Exercise prompt: Extract the run of lines that starts at the top of the records below and ends at the line with "Norton 360 Deluxe", keeping both ends and excluding pictures.

Supplied material:
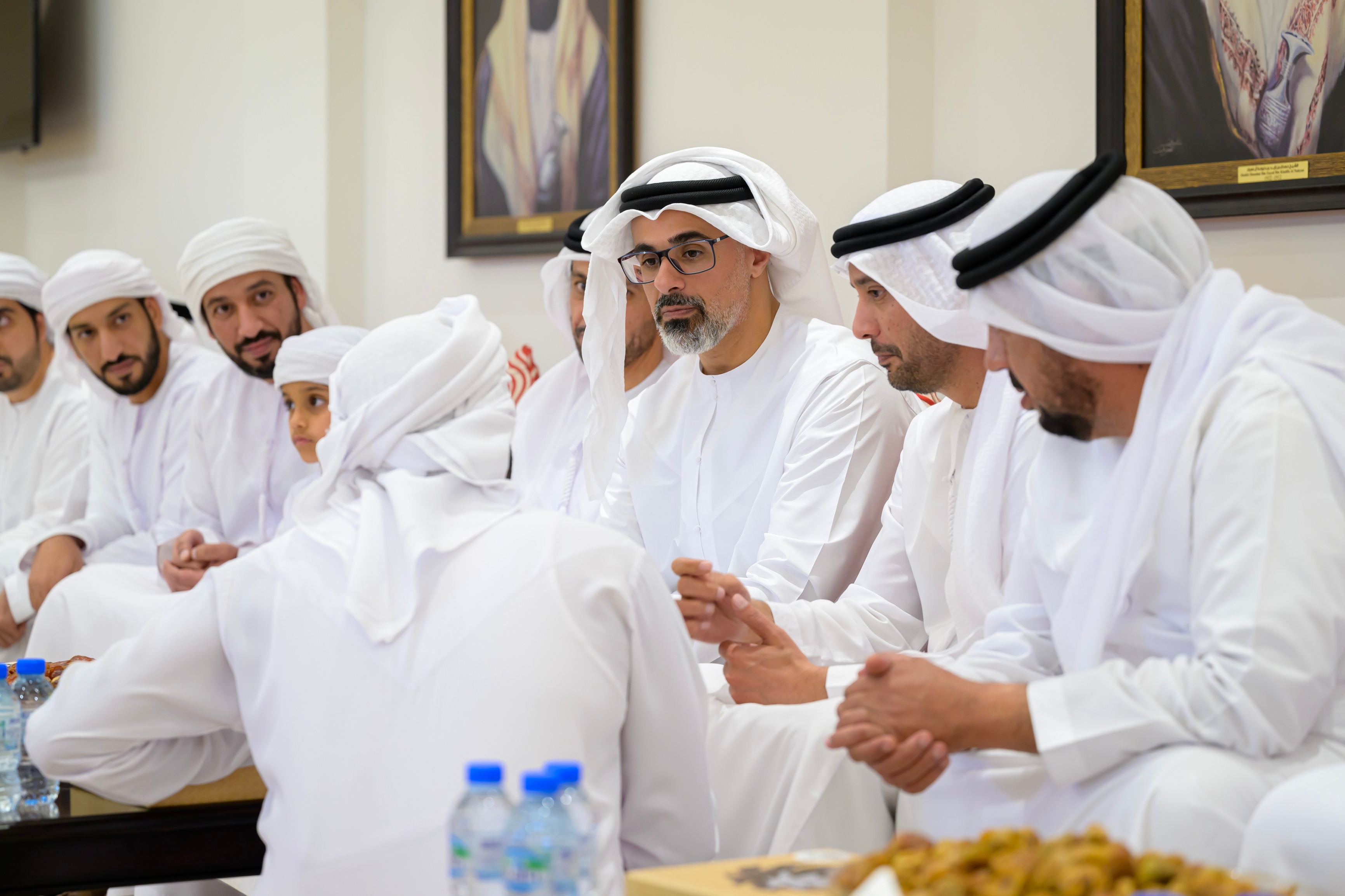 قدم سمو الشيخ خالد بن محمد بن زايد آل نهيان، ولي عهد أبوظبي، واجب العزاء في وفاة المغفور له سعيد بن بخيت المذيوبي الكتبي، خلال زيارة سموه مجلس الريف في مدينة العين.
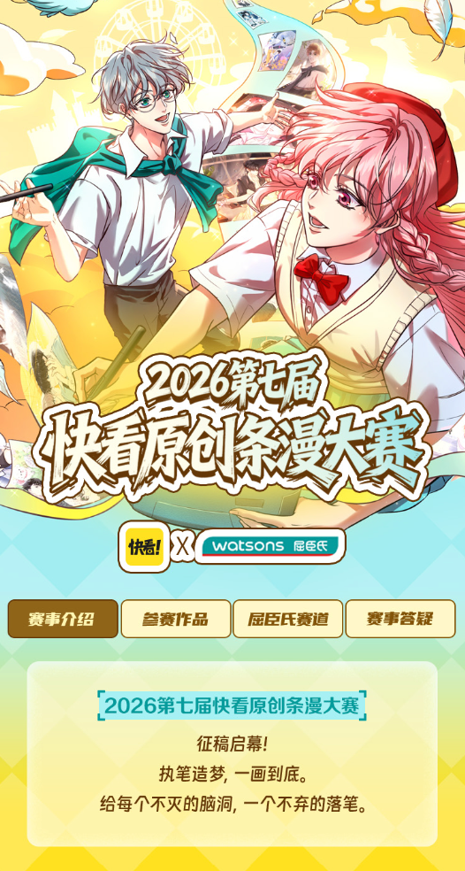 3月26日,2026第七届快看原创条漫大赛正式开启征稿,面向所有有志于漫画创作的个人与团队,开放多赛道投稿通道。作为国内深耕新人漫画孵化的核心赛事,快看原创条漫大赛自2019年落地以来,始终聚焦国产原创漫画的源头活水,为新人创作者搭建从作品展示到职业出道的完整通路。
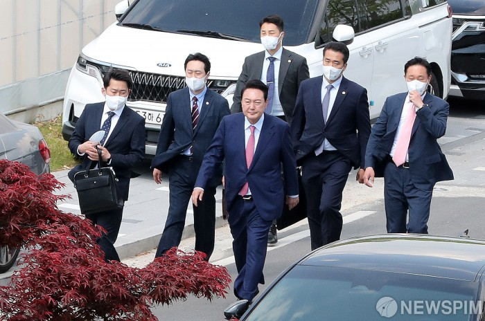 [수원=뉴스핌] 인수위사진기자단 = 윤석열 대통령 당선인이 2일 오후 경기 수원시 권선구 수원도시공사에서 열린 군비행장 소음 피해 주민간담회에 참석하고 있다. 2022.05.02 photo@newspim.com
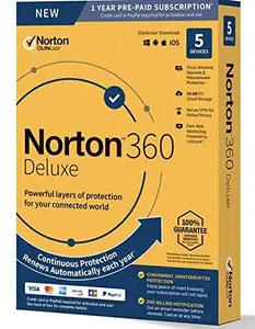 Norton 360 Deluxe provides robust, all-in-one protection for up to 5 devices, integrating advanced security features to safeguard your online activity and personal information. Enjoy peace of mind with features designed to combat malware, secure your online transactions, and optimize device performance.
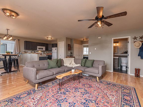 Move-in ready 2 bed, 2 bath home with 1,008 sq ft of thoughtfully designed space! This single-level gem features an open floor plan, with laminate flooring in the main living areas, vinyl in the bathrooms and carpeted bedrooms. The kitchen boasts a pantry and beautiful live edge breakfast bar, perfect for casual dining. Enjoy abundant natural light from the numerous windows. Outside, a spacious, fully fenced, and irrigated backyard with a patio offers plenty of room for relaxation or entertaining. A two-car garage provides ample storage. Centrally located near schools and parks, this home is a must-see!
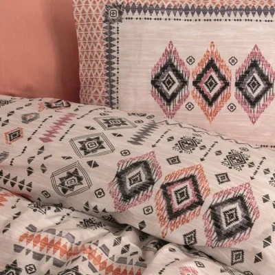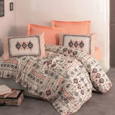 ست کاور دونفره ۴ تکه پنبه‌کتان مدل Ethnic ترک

Task output:
 قدم سمو الشيخ خالد بن محمد بن زايد آل نهيان، ولي عهد أبوظبي، واجب العزاء في وفاة المغفور له سعيد بن بخيت المذيوبي الكتبي، خلال زيارة سموه مجلس الريف في مدينة العين.
 3月26日,2026第七届快看原创条漫大赛正式开启征稿,面向所有有志于漫画创作的个人与团队,开放多赛道投稿通道。作为国内深耕新人漫画孵化的核心赛事,快看原创条漫大赛自2019年落地以来,始终聚焦国产原创漫画的源头活水,为新人创作者搭建从作品展示到职业出道的完整通路。
 [수원=뉴스핌] 인수위사진기자단 = 윤석열 대통령 당선인이 2일 오후 경기 수원시 권선구 수원도시공사에서 열린 군비행장 소음 피해 주민간담회에 참석하고 있다. 2022.05.02 photo@newspim.com
 Norton 360 Deluxe provides robust, all-in-one protection for up to 5 devices, integrating advanced security features to safeguard your online activity and personal information. Enjoy peace of mind with features designed to combat malware, secure your online transactions, and optimize device performance.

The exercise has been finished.